ASSIGNMENT: Only one stretch of lines is wanted: the line with "used to. | ||||||||||||||||||||" through the final line of the material. Restate it word for word, minus pictures.

RECORDED INFORMATION:
+ + +

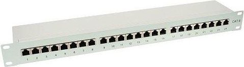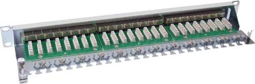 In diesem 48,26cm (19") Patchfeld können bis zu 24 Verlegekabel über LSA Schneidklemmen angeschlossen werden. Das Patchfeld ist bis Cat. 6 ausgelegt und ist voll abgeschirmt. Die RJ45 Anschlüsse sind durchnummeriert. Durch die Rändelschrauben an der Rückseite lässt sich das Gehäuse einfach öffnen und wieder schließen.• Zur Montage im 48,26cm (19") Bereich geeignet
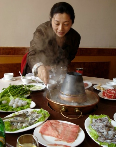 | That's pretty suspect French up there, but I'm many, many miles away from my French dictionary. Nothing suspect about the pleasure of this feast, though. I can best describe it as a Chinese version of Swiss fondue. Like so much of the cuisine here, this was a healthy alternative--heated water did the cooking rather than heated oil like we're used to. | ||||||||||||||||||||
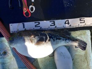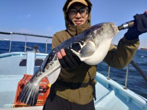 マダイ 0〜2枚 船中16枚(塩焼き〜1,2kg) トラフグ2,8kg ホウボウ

+ + +

WRITTEN RESPONSE:
 | That's pretty suspect French up there, but I'm many, many miles away from my French dictionary. Nothing suspect about the pleasure of this feast, though. I can best describe it as a Chinese version of Swiss fondue. Like so much of the cuisine here, this was a healthy alternative--heated water did the cooking rather than heated oil like we're used to. | ||||||||||||||||||||
 マダイ 0〜2枚 船中16枚(塩焼き〜1,2kg) トラフグ2,8kg ホウボウ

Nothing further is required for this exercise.